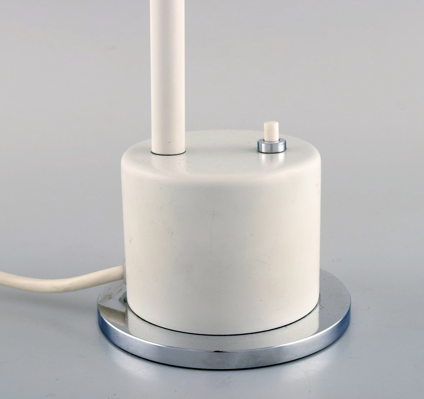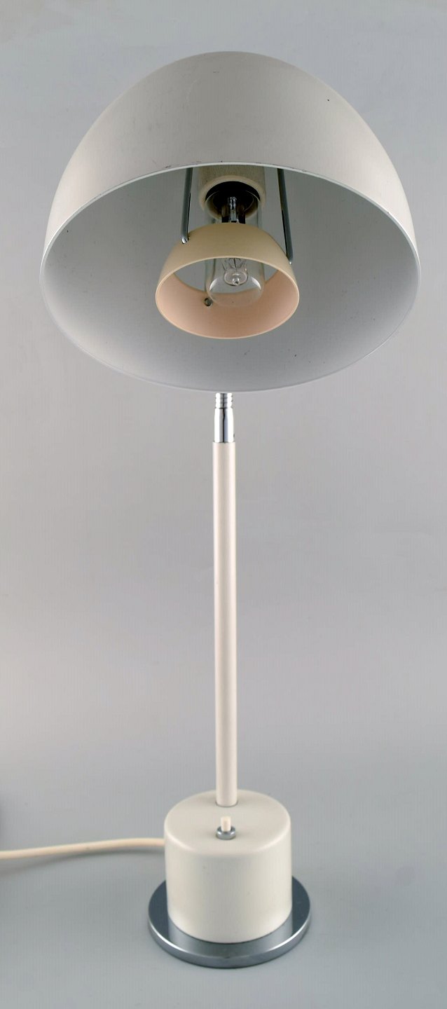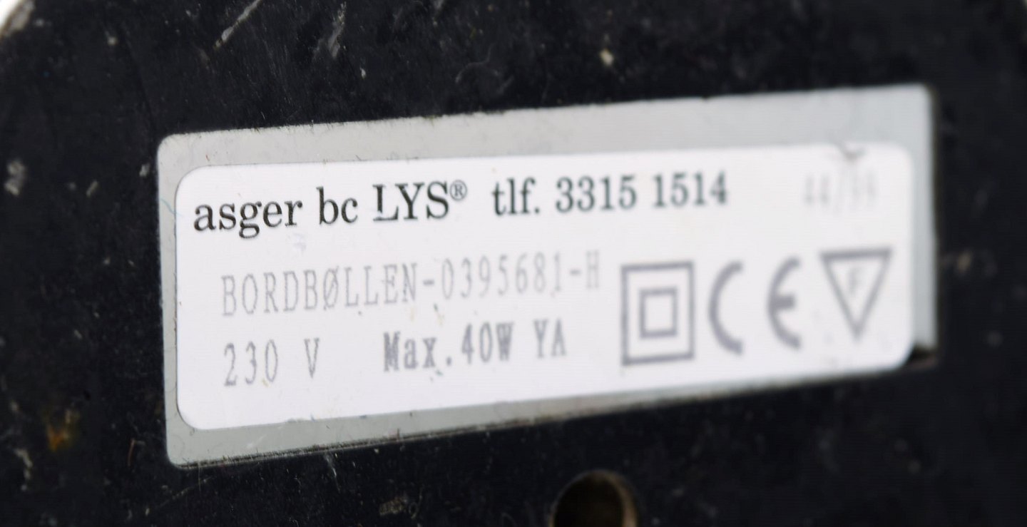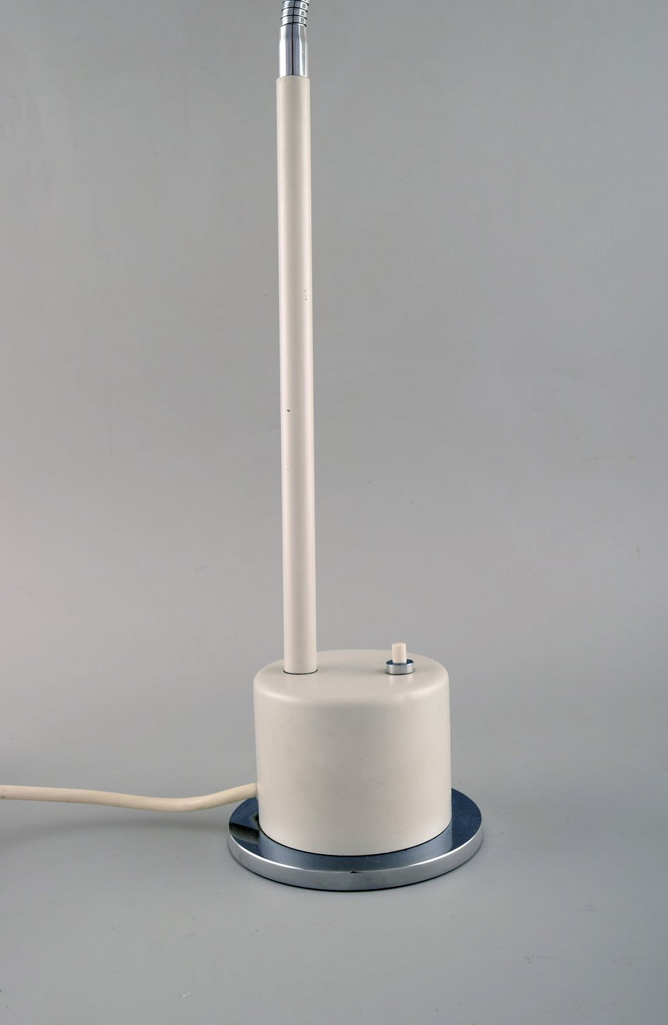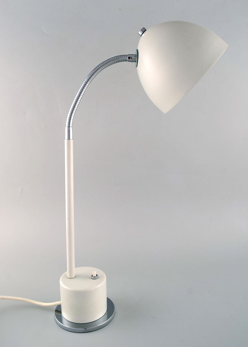 Asger Bay Christiansen. Justerbar bordlampe. Model 'Bordbøllen' af hvidlakeret metal, flexstamme af forkromet metal. Fremstillet hos Asger Bc Lys. Sent 1900-tallet.
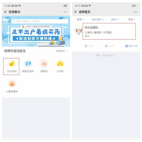 3、选择在线复诊的科室以及团队,发起复诊申请;
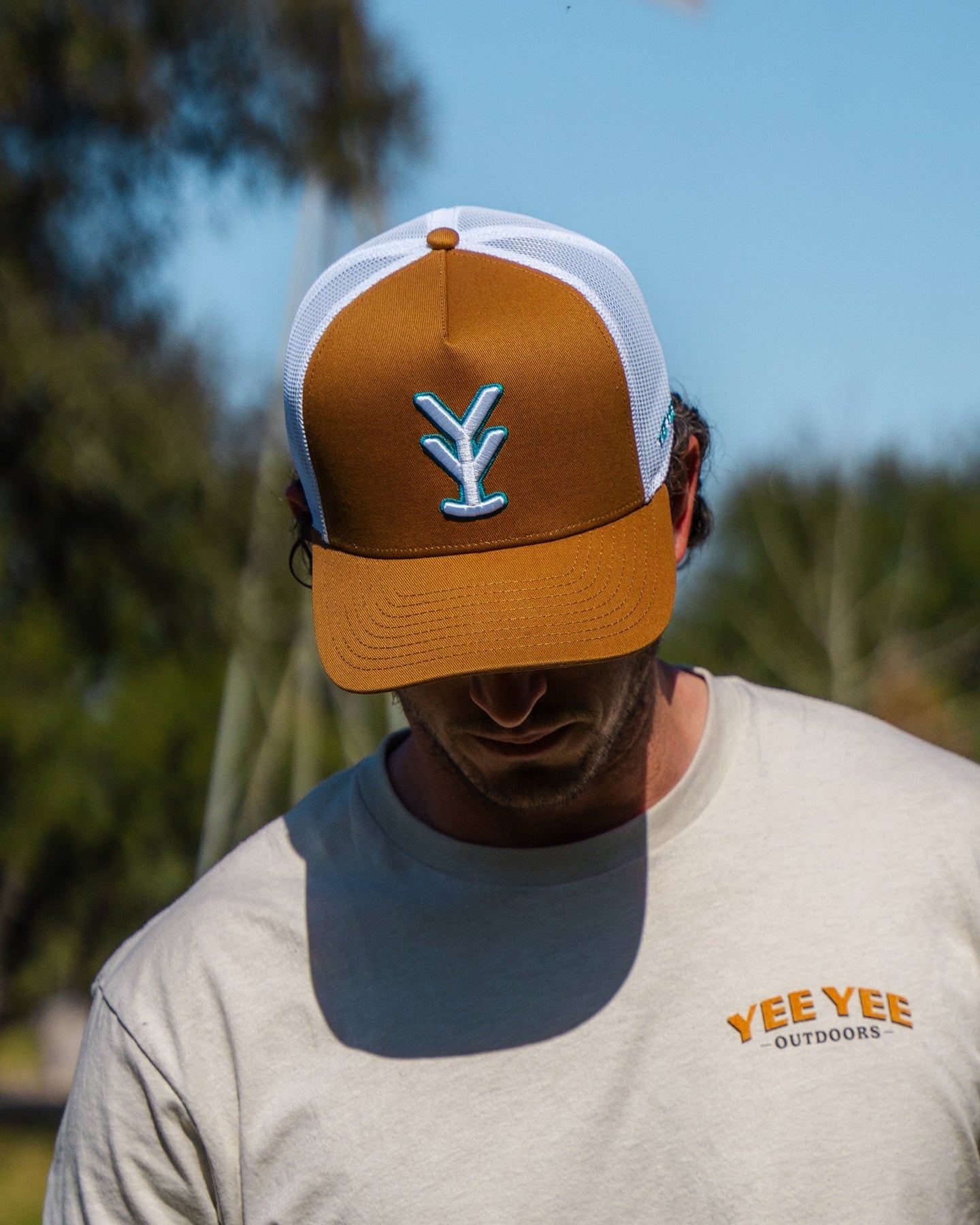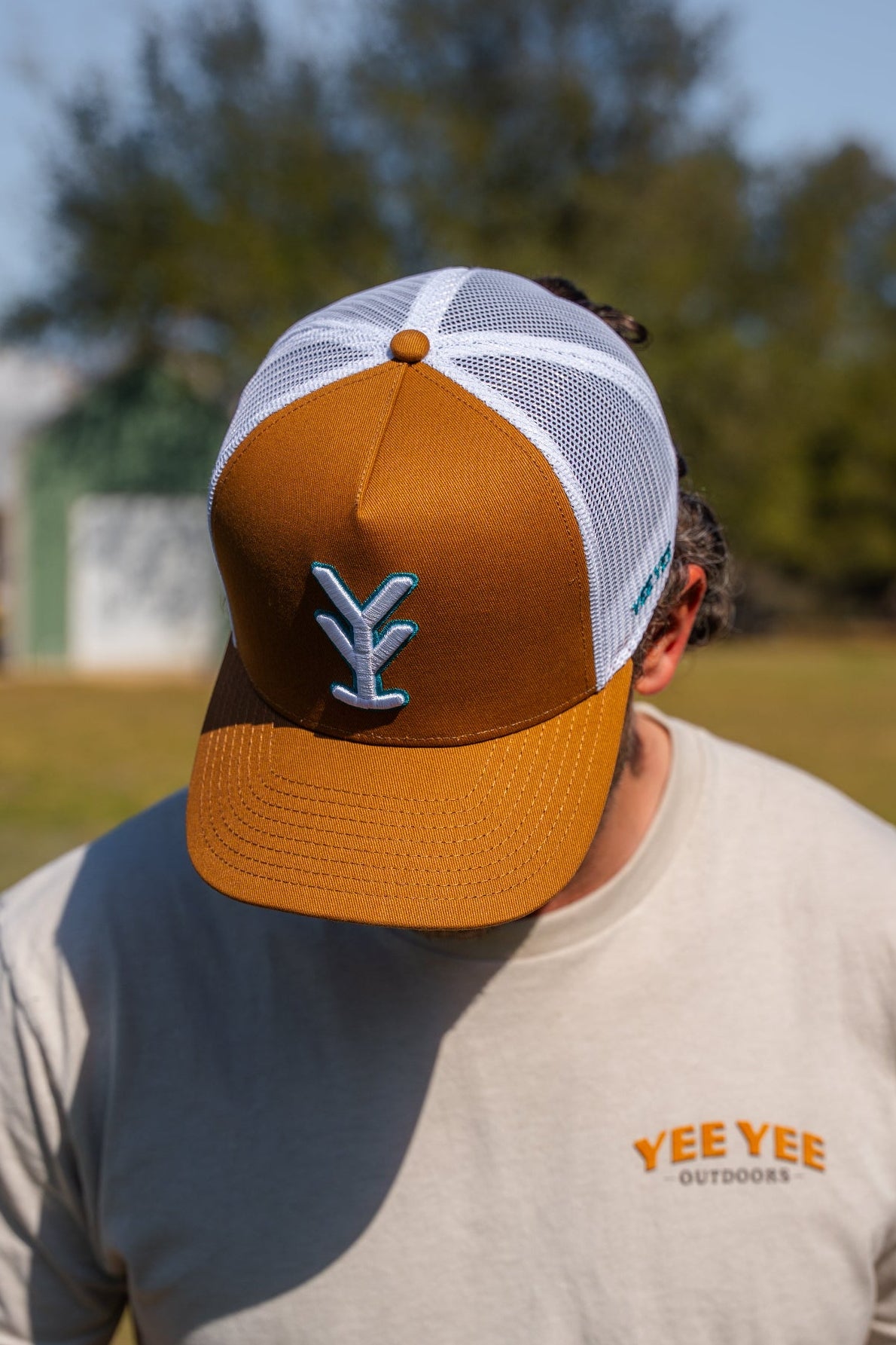 This hat was made with spring in mind. We took our classic Double Y logo and gave it a clean teal outline, then paired it with white mesh to keep things light and fresh. After all, it’s not really spring without a few white mesh hats in the lineup.
============
■ Directions: Would you repeat the listing word for word and skip every picture?

■ Answer to the exercise:
 Asger Bay Christiansen. Justerbar bordlampe. Model 'Bordbøllen' af hvidlakeret metal, flexstamme af forkromet metal. Fremstillet hos Asger Bc Lys. Sent 1900-tallet.
 3、选择在线复诊的科室以及团队,发起复诊申请;
 This hat was made with spring in mind. We took our classic Double Y logo and gave it a clean teal outline, then paired it with white mesh to keep things light and fresh. After all, it’s not really spring without a few white mesh hats in the lineup.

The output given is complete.